On Wed, Oct 19, 2022 at 5:11 PM Wols Lists <antlists@youngman.org.uk> wrote:
>
> On 19/10/2022 22:00, Reindl Harald wrote:
> >
> >
> > Am 19.10.22 um 21:30 schrieb Umang Agarwalla:
> >> Hello all,
> >>
> >> We run Linux RAID 10 in our production with 8 SAS HDDs 7200RPM.
> >> We recently got to know from the application owners that the writes on
> >> these machines get affected when there is one failed drive in this
> >> RAID10 setup, but unfortunately we do not have much data around to
> >> prove this and exactly replicate this in production.
> >>
> >> Wanted to know from the people of this mailing list if they have ever
> >> come across any such issues.
> >> Theoretically as per my understanding a RAID10 with even a failed
> >> drive should be able to handle all the production traffic without any
> >> issues. Please let me know if my understanding of this is correct or
> >> not.
> >
> > "without any issue" is nonsense by common sense
>
> No need for the sark. And why shouldn't it be "without any issue"?
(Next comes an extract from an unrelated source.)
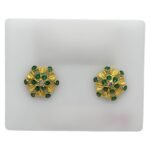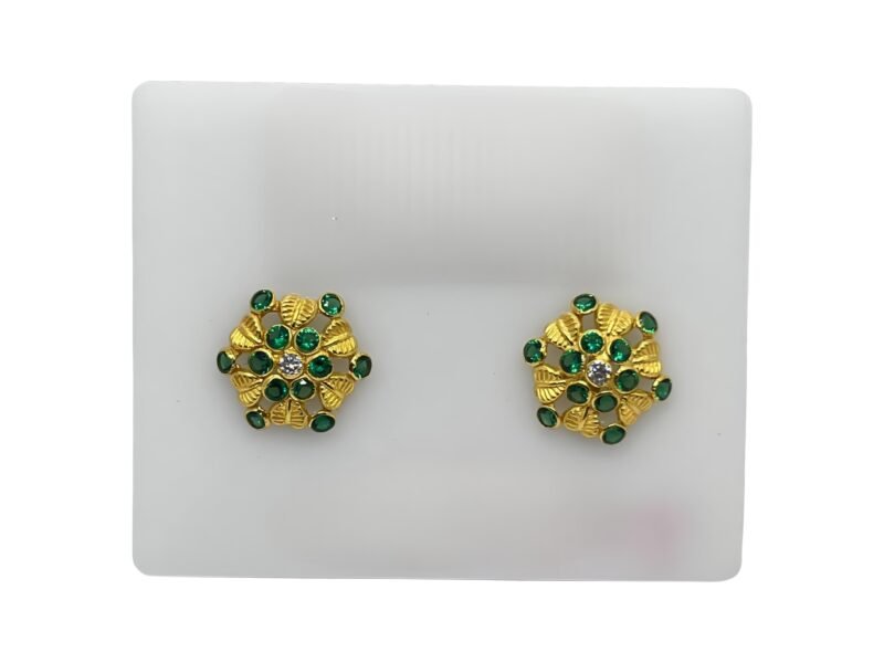 Bring a touch of regal elegance to your ensemble with these exquisite Emerald Blossom Gold Stud Earrings. Crafted in radiant gold, these floral-inspired studs feature a dazzling centerpiece surrounded by leaf-patterned gold details and vibrant green emerald-like stones. Perfect for both traditional and contemporary attire, these earrings are ideal for weddings, festive occasions, or elegant evenings out.

> Common sense is usually mistaken. And common sense says to me the exact
> opposite - with a drive missing that's one fewer write, so if anything
> it should be quicker.
>
> Given that - on the system my brother was using - the ops guys didn't
> notice their raid-6 was missing TWO drives, it seems like lost drives
> aren't particularly noticeable by their absence ...
>
> Okay, with a drive missing it's DANGEROUS, but it should not have any
> noticeable impact on a production system until you replace the drive and
> it's rebuilding.
>
> Unfortunately, I don't know enough to say whether a missing drive would,
> or should, impact performance.
>
> Cheers,
> Wol